-- Source material --
>>

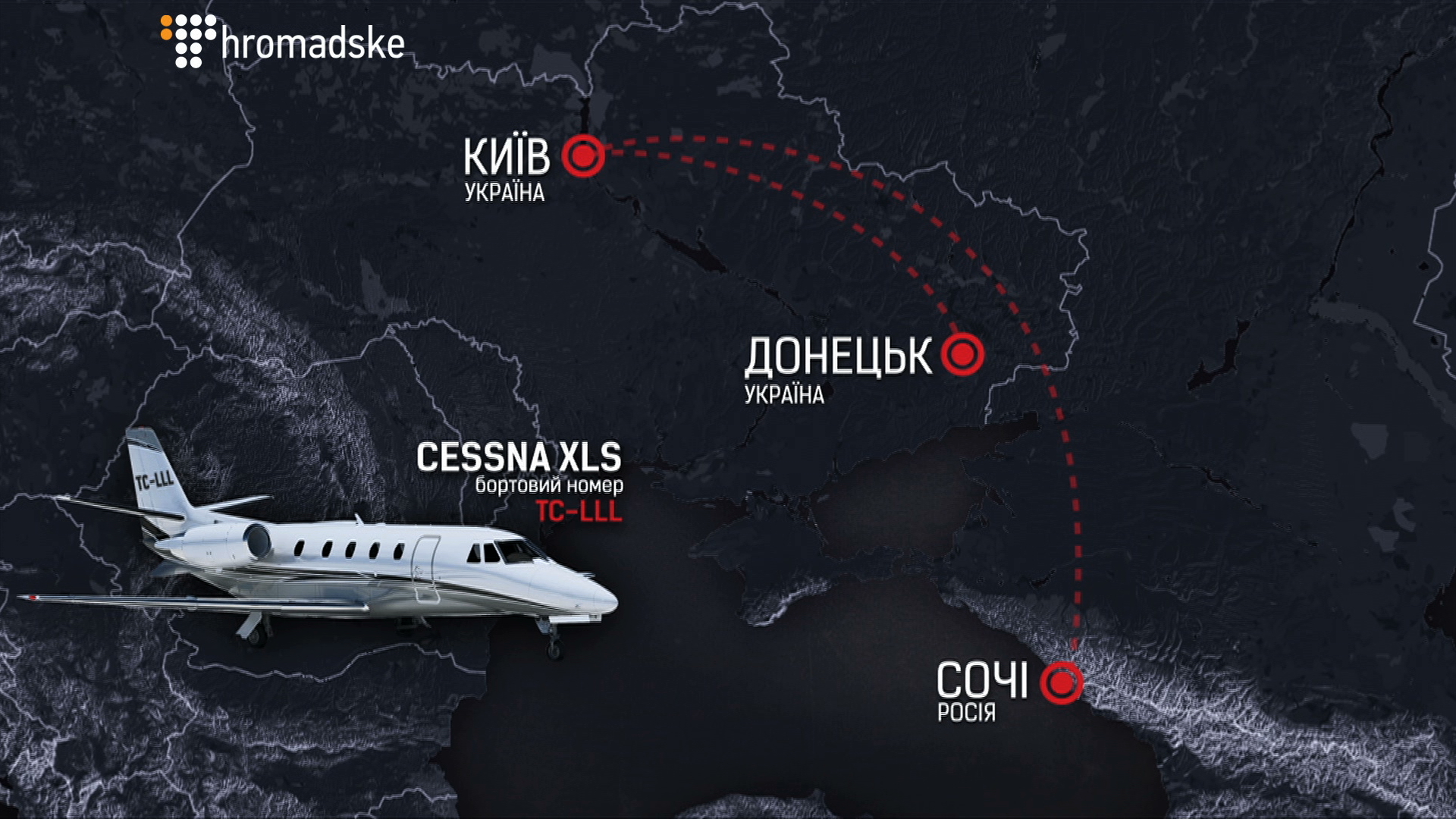 Звіряємо бортові номери літаків, якими користується «Бізнес-Ерлайнз» з отриманими даними «Украероруху». Збіги є. Ось цей літак Cessna XLS з бортовим номером TC-LLL вилетів до з Жулян до Донецька 20-го лютого об 11:30. Потім повернувся, і зробив рейс до Сочі. Наступного дня він знову полетів до Донецька.
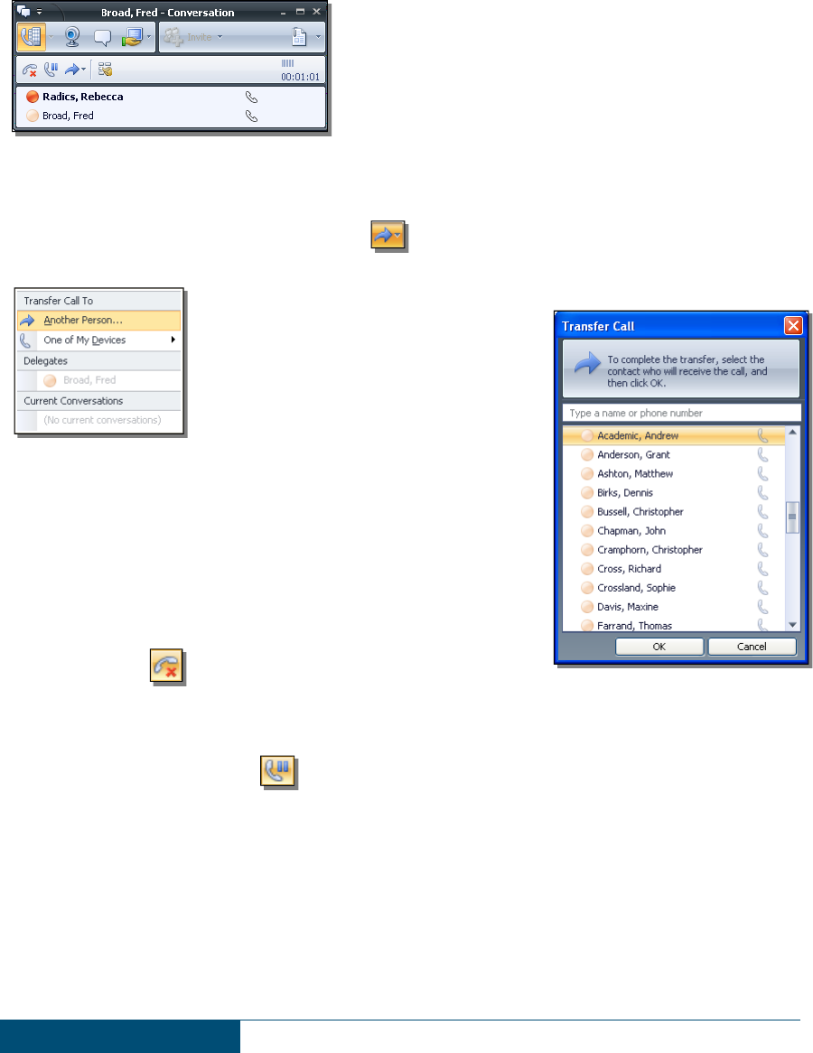 transfer a call to another user or phone, or mute a speaker or microphone.
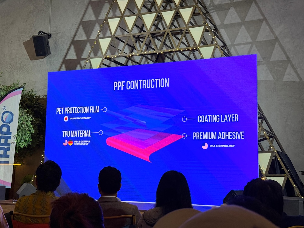 Filem PPF itu dihasilkan daripada bahan poliuretana termoplastik (TPU) dari Jerman, pelekat dari AS dan salutan teknologi Jepun dengan waranti produk hingga 10 tahun, bergantung ketebalan filem.
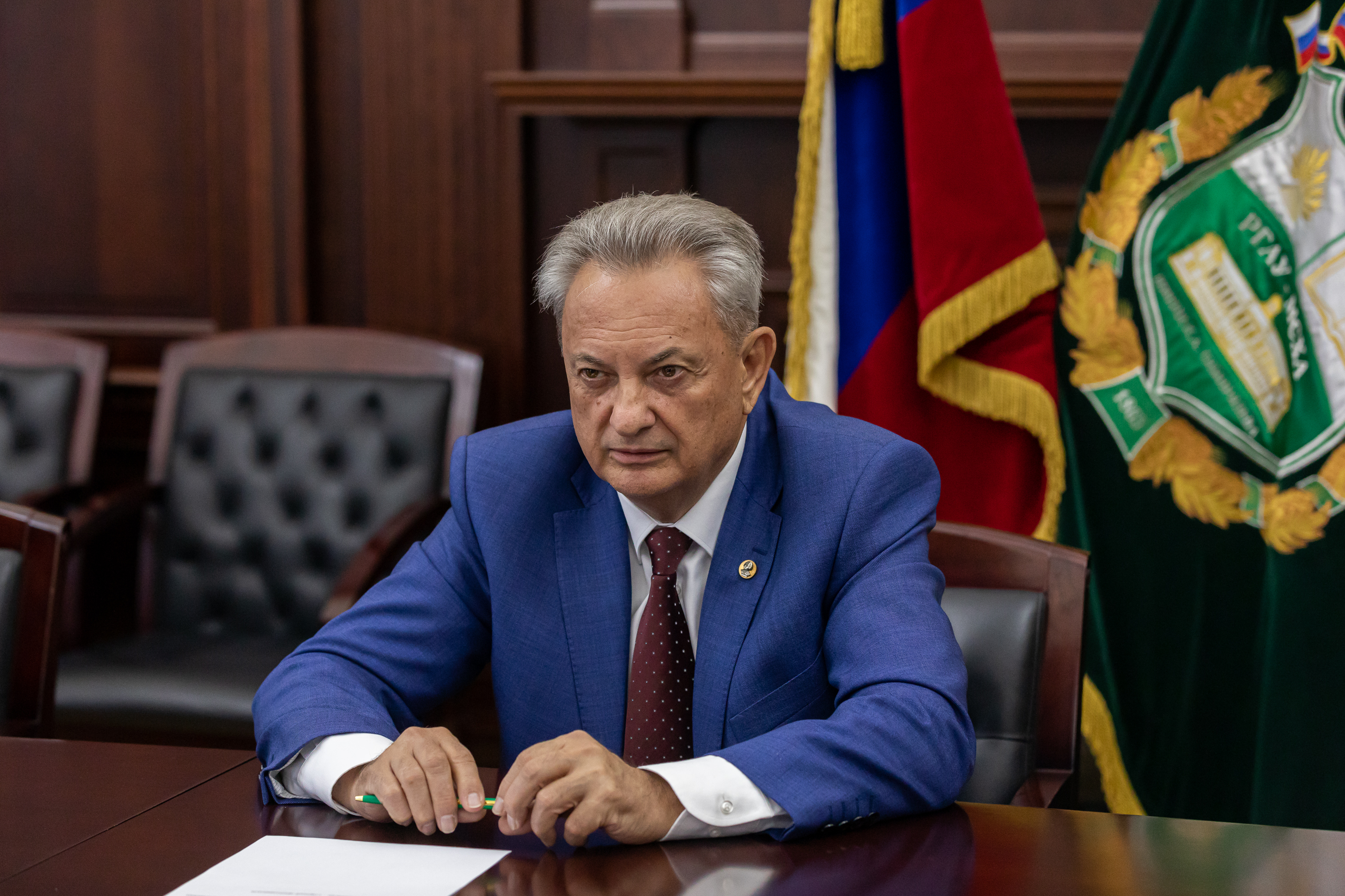 В рамках проведения исследований по проекту «Научно-методологические основы организации учебного процесса в условиях дистанционного обучения в исследовательском университете аграрного типа» в Тимирязевскую академию прибыла представительная делегация Казахского агротехнического университета во главе с ректором Айтжаном Мухамеджановичем Абдыровым. Коллегу из Казахстана принял ректор РГАУ-МСХА имени К.А. Тимирязева, Академик РАН, профессор Владимир Иванович Трухачев.
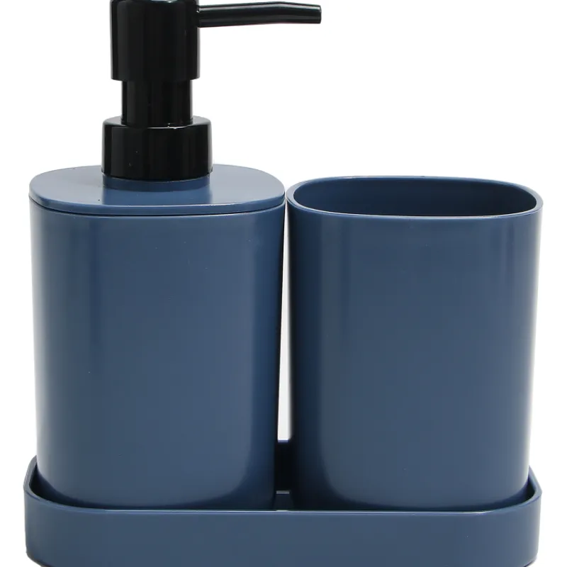 Tuo yhdenmukaista ilmettä kylpyhuoneeseen! Kotikulta-kylpyhuonesetti sisältää muovisen saippuapumpun, kylpyhuonemukin ja saippua-alustan samassa sinisen sävyssä.
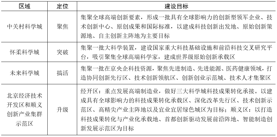当前我国面临错综复杂的国际形势,国际科技创新合作面临巨大挑战。“三城一区”作为国际科技交流与合作的承载地、国际科技创新中心建设的主平台,科技创新资源高度集聚,政策叠加优势尤为突出,加快推动“三城一区”统筹联动和融合发展,促进各区优势互补,强化创新链、产业链和供应链协同共生,对北京建设科技创新之城、争先竞逐世界高地意义重大。本文将从“三城一区”融合联动发展现状入手,剖析融合联动发展存在的问题,并研提对策建议,以期为推动“三城一区”融合联动向纵深发展提供支撑。 一、“三城一区”融合联动成效初显,问题仍存 目前,“三城一区”融合联动发展取得初步成效,协调对接机制初步形成、联动发展分工定位逐步明确、社会组织驱动联动合作日益增多,但仍然存在顶层设计亟需优化、协调力度有待提升、优势互补尚未达成、协同创新合作不足等诸多问题。 (一)组织架构搭建完成,运行机制尚待优化 为支撑北京国际科技创新中心建设,北京市设立“一处七办”[1]组织架构,北京推进科技创新中心建设办公室秘书处(以下简称“北京办公室秘书处”)负责北京办公室日常工作,7个专项办各司其职,负责具体推进各专项工作,覆盖重大科技战略落实、政策创新改革、科技人才建设等重点领域,涵盖“三城一区”科技创新主平台。但由于“一处七办”缺乏实体领导机构,专项办主要依托相关市属委办局、各区政府工作体系运转,凝聚力有待加强。 (二)协调机制初步建立,协调力度有待提升 北京办公室秘书处牵头建立了协调会议机制,包括周例会、季度调度会及半年度调度会等形式,为“三城一区”搭建了沟通交流平台。“三大科学城”与“一区”签订战略合作协议,各单位相应建立工作专班或领导小组,初步探索建立了联动发展机制。但“三城一区”尚无市级层面领导机构,联动层级不够,工作协调力度不足,不能有效地解决“三城一区”融合联动发展中出现的深层次问题。 (三)联动分工初步明确,优势互补尚未达成 北京市根据“三城一区”创新资源、产业特点、发展方向等方面,明确了“三城一区”具体发展定位及建设目标(见表1),但“三城一区”融合水平尚需提升,目前并未在联动基础上充分发挥“三城一区”各自的优势力量,创新链、产业链难以形成有效衔接,创新资源优势尚未充分转化为产业优势。 表1 北京市“三城一区”各区域规划发展定位
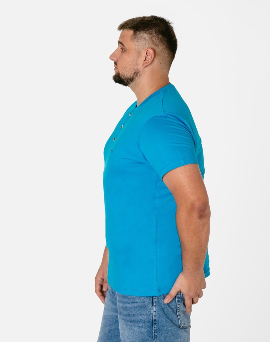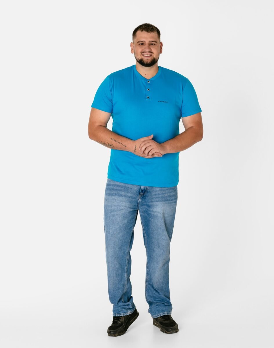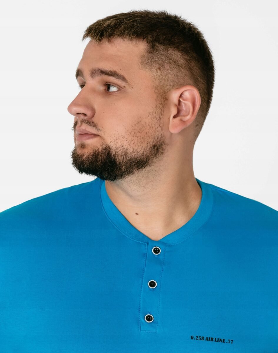 Komfortowa koszulka męska do codziennego użytku z krótkim rękawem i okrągłym dekoltem rozpinanym na 3 guziczki to wygodne rozwiązanie na ciepłe i gorące dni wiosny i lata oraz niezbędny element wakacyjnej garderoby i udanych letnich stylizacji. Cienka, przewiewna i oddychająca, idealna na co dzień jako element casualowego stroju czyniąc go lekkim i dostosowanym do wysokich temperatur. Wykonana z naturalnej, miękkiej, ekologicznej dzianiny 100% bawełnianej zapewniającej maksymalną wygodę i komfort użytkowania. Bawełna jest jednym z najlepiej oddychających i przyjaznych dla skóry materiałów. Jest przewiewna i lekka wyprodukowana z naturalnych materiałów, co sprawia iż gwarantuje dobre właściwości higroskopijne, świetnie pochłania pot i wodę, odprowadza je z powierzchni skóry przez co jest bardzo przyjemna w noszeniu. Zapewnia gwarancję pełnej swobody ruchów oraz stabilności rozmiarów i kolorów po wielokrotnym praniu. Z przodu koszulki niewielki firmowy nadruk w nowoczesnym designie. Tył gładki, jednolity. Klasyczny, prosty krój koszulki nie ogranicza swobody ruchów, a odpowiednia na wiosnę, lato niewielka gramatura pozytywnie wpływa na komfort użytkowania. Świetna zarówno do uprawiania sportu jak i do noszenia na co dzień.
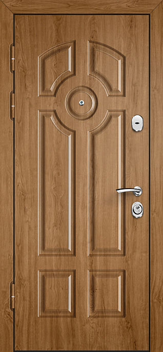 Филёнчатая отделка всегда придаёт дверному полотну особый шарм, создавая эффект глубины и аккуратного рельефа. Входная дверь МДФ с внешней панелью под филёнку №537 универсальна и одинаково хорошо смотрится на фасаде частного дома, в офисе или в квартире. Отделка из МДФ-плиты устойчива к мелким повреждениям, не выгорает и сохраняет аккуратный вид при ежедневной эксплуатации, а при необходимости легко комбинируется с другими декоративными элементами. В основе конструкции — каркас из профильной трубы, лист стали толщиной 2 мм и рёбра жёсткости, обеспечивающие надёжность и жёсткость всей системы. Для удобства и безопасности предусмотрены два замка: сувальдный Просам и цилиндровый Мосрентген. Два контура уплотнения повышают комфорт эксплуатации, а при желании дверь можно дополнить зеркалом, стеклопакетом или коваными вставками, сделав её не только прочной, но и выразительной частью интерьера. Входная дверь МДФ и внешней панелью под филенку №537 от производителя: быстрое изготовление и монтаж в Домодедово, индивидуальные размеры, широкий выбор материалов и фурнитуры, официальная гарантия до 10 лет.
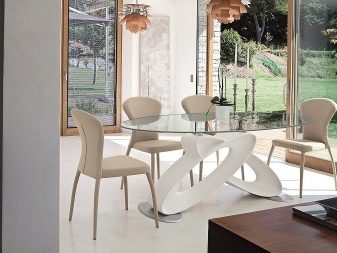 But the undoubted minus of glass furniture is soiled: spots and fingerprints remain on them constantly, problematically wiped off the surface. If the table is fully or partially matte, with a decorative coating, it will not be so noticeable. You can use stylish durable napkins that will reduce the degree of soiling of glass models.

<<

Each line from the one containing "Филёнчатая отделка всегда" to the final line of the data must be printed exactly, both included, with nothing else and no pictures.

-- Written answer --
 Филёнчатая отделка всегда придаёт дверному полотну особый шарм, создавая эффект глубины и аккуратного рельефа. Входная дверь МДФ с внешней панелью под филёнку №537 универсальна и одинаково хорошо смотрится на фасаде частного дома, в офисе или в квартире. Отделка из МДФ-плиты устойчива к мелким повреждениям, не выгорает и сохраняет аккуратный вид при ежедневной эксплуатации, а при необходимости легко комбинируется с другими декоративными элементами. В основе конструкции — каркас из профильной трубы, лист стали толщиной 2 мм и рёбра жёсткости, обеспечивающие надёжность и жёсткость всей системы. Для удобства и безопасности предусмотрены два замка: сувальдный Просам и цилиндровый Мосрентген. Два контура уплотнения повышают комфорт эксплуатации, а при желании дверь можно дополнить зеркалом, стеклопакетом или коваными вставками, сделав её не только прочной, но и выразительной частью интерьера. Входная дверь МДФ и внешней панелью под филенку №537 от производителя: быстрое изготовление и монтаж в Домодедово, индивидуальные размеры, широкий выбор материалов и фурнитуры, официальная гарантия до 10 лет.
 But the undoubted minus of glass furniture is soiled: spots and fingerprints remain on them constantly, problematically wiped off the surface. If the table is fully or partially matte, with a decorative coating, it will not be so noticeable. You can use stylish durable napkins that will reduce the degree of soiling of glass models.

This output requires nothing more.